As the precise relationship between narrowband alpha power and the underlying broadband spectral gradient during changing levels of anesthesia is not known, we used the convention set out in Leslie et al. (2009). Here, the slope of the spectral gradient is computed by fitting a linear regression line to the power over the subset of frequencies not influenced by the delta and alpha oscillations (i.e., to power within the 4–7 Hz, and 17–35 Hz frequency range, see Figure 1A). The frequency at which the alpha power above the underlying broadband power is greatest within this extended alpha range (7–17 Hz), is the peak frequency. At this frequency, the peak alpha power is the power at the peak of the oscillation (Figure 1A, triangle), and broadband alpha power refers to the power on the broadband spectral gradient also at that frequency (Figure 1A, circle); oscillatory alpha power is the difference between the peak and broadband alpha power (i.e., the size of the oscillation above the broadband spectral gradient).
Figure 1. Proposed method of assessing the presence or absence of alpha oscillations. (A) A section of electroencephalogram (EEG) is transformed into the frequency domain using a Fast-Fourier Transform (FFT). Spectral gradient (red line) is fitted via linear regression to the spectrum omitting the delta (0.5–4 Hz) and extended alpha (7–17 Hz) where oscillations are often present. The frequency and power at the maximal power above the spectral gradient (triangle) are recorded. An example spectrogram from one patient over a 5.5 h operation is shown in (B). In (C) changes in peak frequency (blue, left axis) and anesthetic concentration (end-tidal minimum alveoli concentration (MAC), orange, right axis) are shown against time. The rate of change of peak frequency (D, gray) was median smoothed (D, red). When the smoothed first derivative of frequency breached a threshold of 1 standard deviation, oscillatory alpha was classified as absent (E). The concentration-response relationship was determined by fitting a robust regression to peak alpha frequency against CeMAC (F), but only for when an alpha oscillation was classified as present in (E).

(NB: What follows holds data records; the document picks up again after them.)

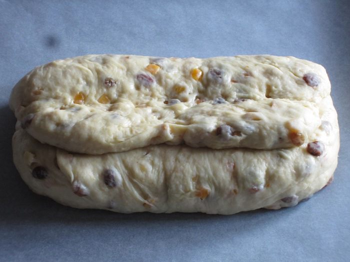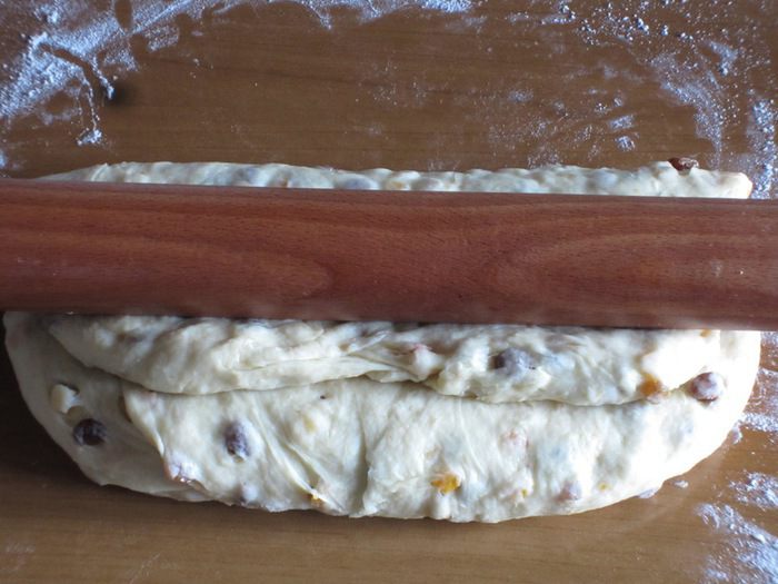 Сложить тесто пополам, причём сверху должна быть раскатанная тонко сторона. Опять сделать скалкой углубление по центру штоллена. Точно так же сформировать второй штоллен.
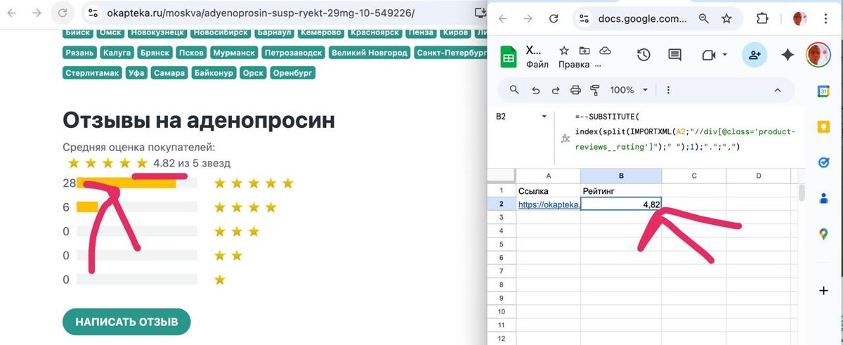 🧩 Как достать рейтинг товара с сайта через IMPORTXML Друзья, привет! Некоторые сайты можно парсить прямо из Google Таблиц с помощью IMPORTXML. Задача Из страницы: https://okapteka.ru/moskva/adyenoprosin-susp-ryekt-29mg-10-549226/ нужно достать рейтинг товара (например, 4.82 из 5 звезд). В коде страницы нужный элемент выглядит так: <div class="product-reviews__rating">4.82 из 5 звезд</div> 🧠 XPath-запрос Чтобы достать эти данные, используем XPath: //div[@class='product-reviews__rating'] Разбираем: 1. // - ищем в любом месте документа 2. div - тип элемента, который ищем 3. [@class='product-reviews__rating'] - фильтруем: берём только те div, где атрибут class равен "product-reviews__rating" Формула в Google Таблицах =--SUBSTITUTE(INDEX( SPLIT(IMPORTXML(A2;"//div[@class='product-reviews__rating']");" "); 1); ".";",") Формула пошагово: 1. IMPORTXML - тянет содержимое <div> (например, "4.82 из 5 звезд") 2. SPLIT(...;" ") - разбивает по пробелам - {"4.82" \ "из" \ "5" \ "звезд"}
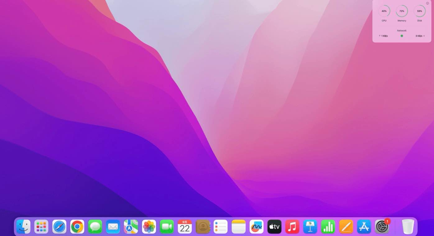 Monit for Mac 是一款轻量级的系统监控工具,它能将关键的硬件与性能数据直接集成到 macOS 的通知中心。只需从屏幕右侧滑出通知中心,即可实时查看 CPU 使用率、内存占用、磁盘空间、网络流量以及电池状态等核心信息。
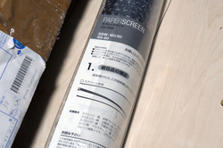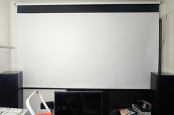ピジョンのペーパースクリーン「SSW-100」。スクリーンゲインは0.8、外形サイズは2,385W×1,820Hmm

Detecting Oscillatory Alpha Activity
When a genuine sustained oscillation in the alpha range is present, peak alpha power will be consistently higher than the spectral gradient, and peak frequency will be centered on a stable frequency. If the peak alpha frequency suddenly shifts, this indicates that peak frequency has jumped from one oscillatory peak to another within the 7–17 Hz allowable range, and that the oscillatory alpha power is within the range of noise on the spectral gradient. In this way, a maximal value of the rate of change in peak frequency can be used as a threshold to assess if a sustained oscillation is present or not. Note that if the peak frequency of the oscillation is not stable at a given frequency, a value of oscillatory alpha power will still be given. In this instance the oscillatory alpha power value will be a measure of the noise in the spectrum around the spectral gradient and thus depend on the time window length and frequency resolution chosen.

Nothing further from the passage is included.